[PROBLEM TO WORK ON]
Retype every line of the data below, starting with the first and ending with the line that contains "აფხაზეთიდან იძულებით გადაადგილებული", but leave out the pictures.

BEGIN DATA SECTION

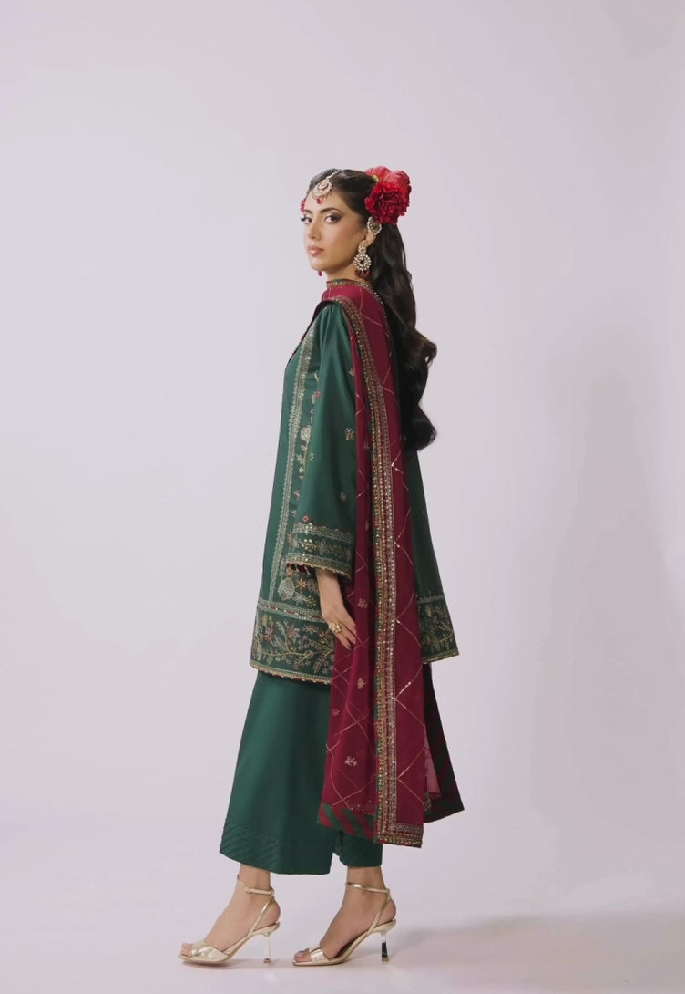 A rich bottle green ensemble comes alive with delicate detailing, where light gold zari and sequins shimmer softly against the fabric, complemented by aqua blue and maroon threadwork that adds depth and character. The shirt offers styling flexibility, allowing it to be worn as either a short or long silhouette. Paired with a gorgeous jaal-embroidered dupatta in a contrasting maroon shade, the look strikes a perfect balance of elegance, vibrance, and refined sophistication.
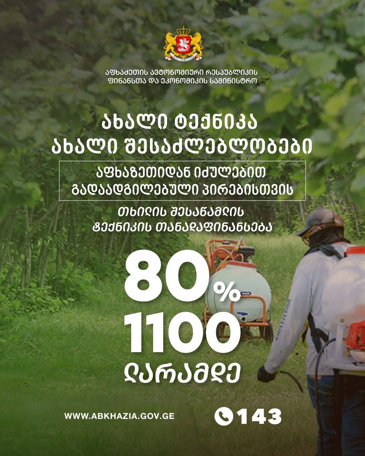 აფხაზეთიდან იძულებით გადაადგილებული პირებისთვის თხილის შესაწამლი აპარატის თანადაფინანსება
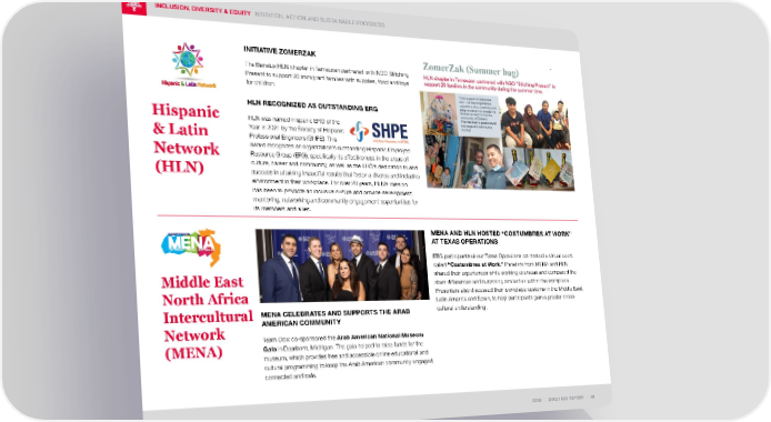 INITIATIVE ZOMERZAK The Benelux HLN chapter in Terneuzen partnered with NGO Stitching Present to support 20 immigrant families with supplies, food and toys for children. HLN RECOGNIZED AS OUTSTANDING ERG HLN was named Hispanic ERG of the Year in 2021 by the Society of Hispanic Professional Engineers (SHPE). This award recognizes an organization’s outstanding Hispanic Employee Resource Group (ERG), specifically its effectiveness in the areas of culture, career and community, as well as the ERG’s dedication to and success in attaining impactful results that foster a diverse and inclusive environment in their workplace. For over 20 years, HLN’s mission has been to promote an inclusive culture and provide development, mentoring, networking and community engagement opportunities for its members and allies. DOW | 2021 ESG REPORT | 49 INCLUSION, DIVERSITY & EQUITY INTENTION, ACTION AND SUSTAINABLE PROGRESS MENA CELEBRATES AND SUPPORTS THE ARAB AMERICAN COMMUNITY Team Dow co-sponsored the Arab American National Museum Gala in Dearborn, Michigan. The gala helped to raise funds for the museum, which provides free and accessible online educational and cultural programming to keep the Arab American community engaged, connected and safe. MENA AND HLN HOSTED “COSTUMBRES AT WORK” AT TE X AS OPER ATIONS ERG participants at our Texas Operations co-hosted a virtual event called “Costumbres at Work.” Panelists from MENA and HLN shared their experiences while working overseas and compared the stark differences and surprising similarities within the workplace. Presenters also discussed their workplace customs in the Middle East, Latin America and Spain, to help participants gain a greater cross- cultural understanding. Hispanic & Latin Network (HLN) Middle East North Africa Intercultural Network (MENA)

END DATA SECTION

[RESULT]
 A rich bottle green ensemble comes alive with delicate detailing, where light gold zari and sequins shimmer softly against the fabric, complemented by aqua blue and maroon threadwork that adds depth and character. The shirt offers styling flexibility, allowing it to be worn as either a short or long silhouette. Paired with a gorgeous jaal-embroidered dupatta in a contrasting maroon shade, the look strikes a perfect balance of elegance, vibrance, and refined sophistication.
 აფხაზეთიდან იძულებით გადაადგილებული პირებისთვის თხილის შესაწამლი აპარატის თანადაფინანსება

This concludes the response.